Monday, May. 18, 1998

Fishy In New Jersey?

By John Skow

As he did with Clockers, his 1992 novel about the drug trade in a worn-down wasteland of urban New Jersey, Richard Price creates in his new novel, Freedomland (Broadway Books; 546 pages; $25), a thriller in which plot grows inevitably from place, and place seems utterly real. The most powerful impression a reader feels in these two novels is the sense, in a scene set in a chaotic emergency room or in the junk-filled scrubland between a black housing project and a shabby white neighborhood, that yes, this is what such a backwater would look like, sound like, smell like. And that this, as events of Price's long, heavy narration grind toward resolution, is how people sheltering in such a place would claw at one another and disintegrate.

The new book lurches into motion when a thin, anguished white woman staggers from Armstrong Houses, a black housing project in Dempsy, N.J., her palms red with lacerations and glittering with fragments of glass. The victim, Brenda Martin, is stunned and nearly speechless, but Lorenzo Council, a sympathetic black detective whose position in Armstrong seems to be part mayor, part padre, gets her to tell her story. She was carjacked by a black man, she says. Would she like to talk with a woman detective, Council asks, meaning, was she raped? No, something worse: her four-year-old son Cody was asleep on the car's backseat. Jesse Haus, a white woman reporter for a local daily, picks up the story on her police scanner. To her, as to the detective, it seems fishy. What was Brenda doing at Armstrong Houses? Buying drugs? But she sticks to her story.
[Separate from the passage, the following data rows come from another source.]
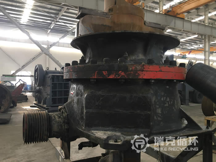 該臺山特維克CH440圓錐破碎是我公司今年10月份在湖北某地回收的,設備回收之前一直從事玄武巖破碎工作,我公司技術到現場對該設備進行檢查之后,將設備運回公司。在我公司車間對設備清洗之后將設備拆開,技術人員用測量儀器仔細檢查各個零部件的使用情況,然后將檢查結果作為依據制定檢修方案,車間技術人員按照檢修對設備進行檢修之后,在公司試機平臺上進行數個小時試機,在試機中該設備運行的非常穩定,沒有不良現象的出現,各項數據也符合標準。
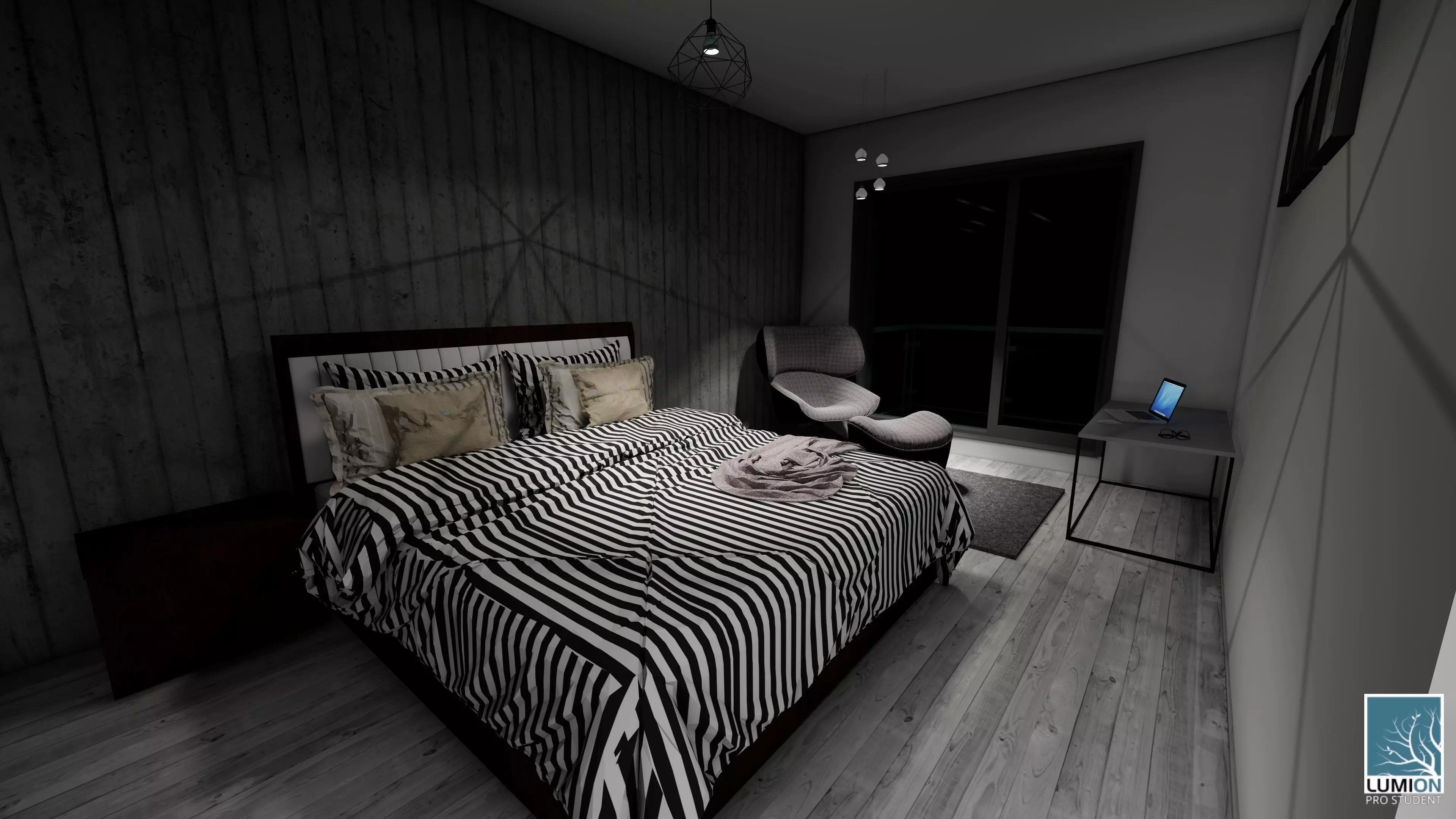 The model has material settings that define how surfaces look (color, shine, transparency, etc.).
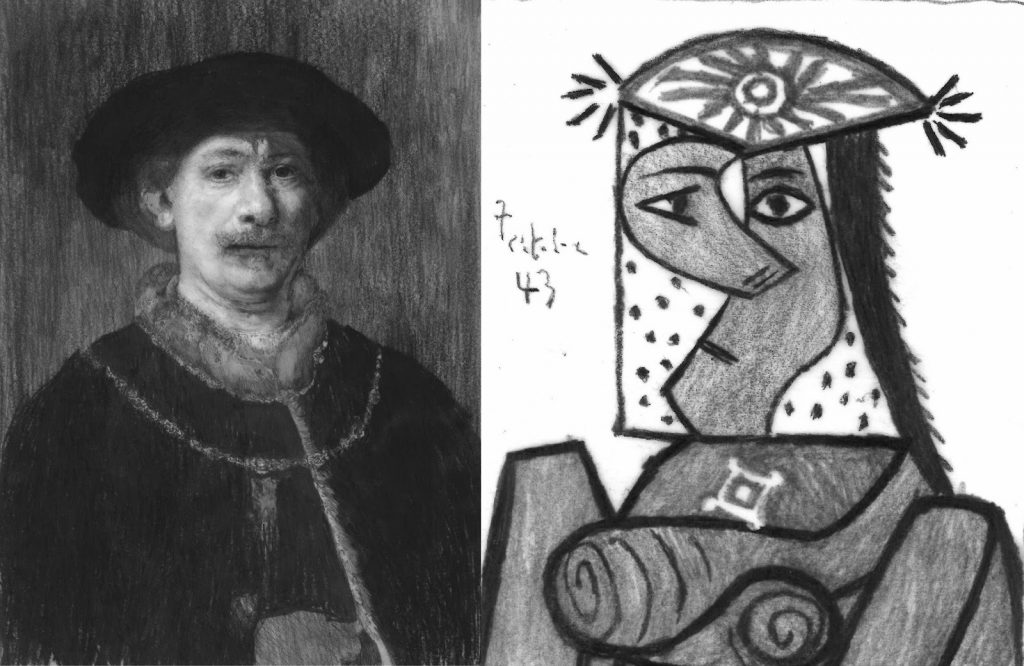 Pero El escultor lo pinta tres años antes. Es muy posible que, para entonces, ya hubiera estudiado cientos de Rembrandts. Además, la cara que dibuja Picasso en Rembrandt y tres cabezas de mujer es del mismo estilo, redonda, como estirada por los lados. Muy similar a las que dibuja el propio Rembrandt en sus grabados, donde experimenta con estas caras por primera vez, mirando de frente y de perfil. En sus aguafuertes es más fácil de ver incluso que en sus pinturas.

By now a regiment of cops has barricaded Armstrong Houses. A young male suspect, almost certainly no carjacker, is hauled off in a patrol car. Outraged black pastors organize a march into white territory. Hawkers sell T shirts with the still missing Cody Martin's picture. A chillingly efficient mother's group equipped with a corpse-sniffing dog searches for the boy. Jesse follows. Bigfeet from the national press and TV mill around. Jesse knows more than they do, but not much more. Detective Council knows more than Jesse, but only a little more. Brenda's boss, a black woman who runs a biracial day-care center, says that Brenda is a good, stable, caring worker. But something is wrong, still, with the carjacking story.

Something is wrong with Dempsy, N.J., of course. As a moral to Price's story, this would be pompous. But the author doesn't offer a moral, simply an accurate portrayal of a society all of whose visible elements--cops, press, E.R. medics, pastors, mothers' groups, gawkers and stone throwers--take their energy from pain. A reliable energy source, the reader reflects; bloody hands make the world go 'round.